One of England’s major consumer watchdog organizations, Financial Conduct Authority (FCA) will begin a new study of the cash savings markets in the United Kingdom. In April, Britain’s major banks began bombarding the public with advertisements that encourage people to put their money into new accounts with favorable tax treatments. A string of mis-selling scandals that soon followed is prompting the FCA to take a close look at the “teaser” or introductory interest rates the banks are offering new customers.
The FCA’s main focus is stopping consumers from being ripped off after the rates expire. Some savers do not move the money out of the account, or are prevented from doing so, when the rates are reduced. “In looking at cash savings, we will examine an area that affects most people and see if there is action we need to take. This is exactly the sort of area I want the FCA to be operating in,” said Martin Wheatley, FCA Chief Executive .
On Tuesday, Wheatley will answer questions from members of Britain’s parliament on the trillion-pound market. He says, “We know that switching rates are low for financial services products and savings accounts are no exception.

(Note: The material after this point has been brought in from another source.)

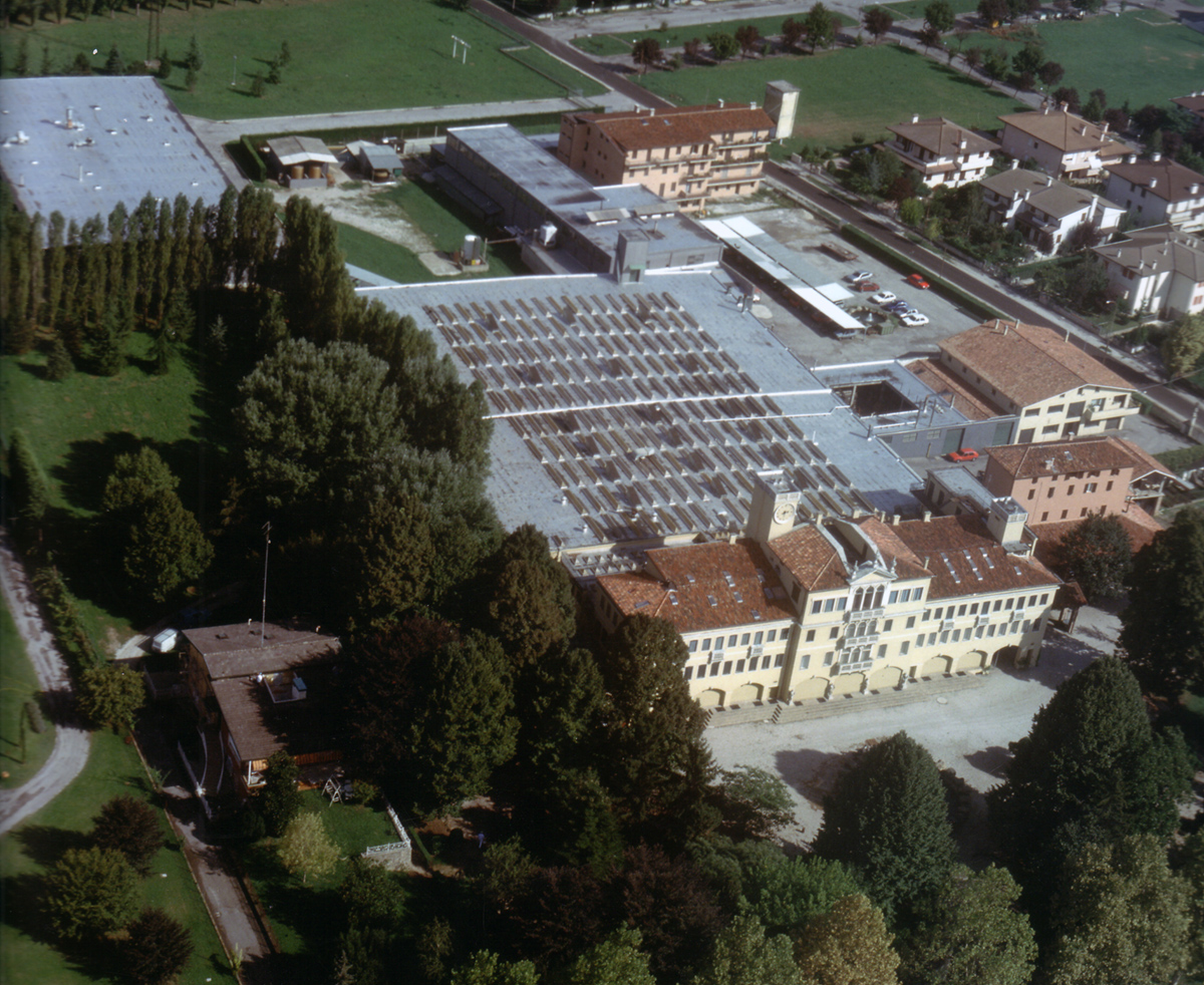 Air View of Calegaro company

Even when people do switch their accounts, they are twice as likely to go with their existing provider then move to the offering of a competitor.”
When the review is completed at the end of this year, the Financial Conduct Authority will consider studying annuities. Annuities are used by people as a means of producing income once they retire. The watchdog is also planning to review how competition works between financial services firms early next year to ensure customers get a fair deal.